June 8, 2016 By Ibrahim Tarawallie

The Deputy Minister of Social Welfare, Gender and Children’s Affairs has stated that education was critical to the empowerment of women and girls and that extensive evidence has shown that educated women could become effective agents of change in society.

Rugiatu Neneh Turay said that educated women are capable of improving both their own wellbeing and the welfare of their families.

She was speaking recently during the official launch of Street Child -Sierra Leone’s National Consultation on Adolescent Girls Education report.

She said the empowering effects of education on women and girls are manifested in a variety of ways, including increased income earning potential, ability to bargain for resources within the household, decision making autonomy and participation in public life.

“Improvement in the education of girls is a critical factor in ensuring positive health outcomes, lowering age at marriage, increasing control over fertility and preventing violence,” she said.

Madam Turay said the report was being published at a critical moment for Sierra Leone as a lot of girls are exposed to harmful practices, adding that the Ebola crisis deeply affected the country and its children.

“Girls have been particularly affected. Girls that should be in school have instead become mothers, caregivers and breadwinners. In the current economic climate, the key findings of the report came as no surprise,” she stated.

Also, Street Child’s Country Director, Emmanuel Kelfa Kargbo stated that the report was based on interviews and focus group discussions held with over 2,000 girls in 32 rural and urban projects areas they operate nationwide.
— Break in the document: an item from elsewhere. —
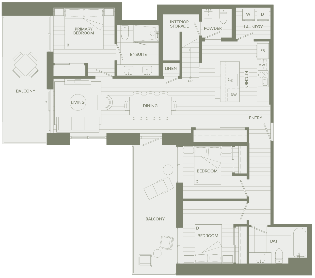 Featured in the Horizon collection of The Residences at Brentwood Block, this 1166 square foot 3 Bed home offers elevated interiors with expansive wraparound balcony that exemplifies Grosvenor's world of experience incorporated into every aspect of the design.

Whilst so many factors were identified as significant barriers to girls’ education, including teenage pregnancy, early marriage and parental attitudes, Mr. Kargbo said majority of focus groups citied poverty as the biggest barrier to their education.

“Whilst it is no surprise that poverty emerges as a barrier to learning in a country like Sierra Leone, the clarity of the call from these 2,000 girls is so striking and clear. Girls say poverty is the biggest and we are asking all for help with this one,” he said.

Mr. Kargbo disclosed that the immediate response from Street Child would be to intensify family business support to families of vulnerable girls, in conjunction with social work going beyond the 9,000 families the organisation has already supported since the end of the Ebola crisis.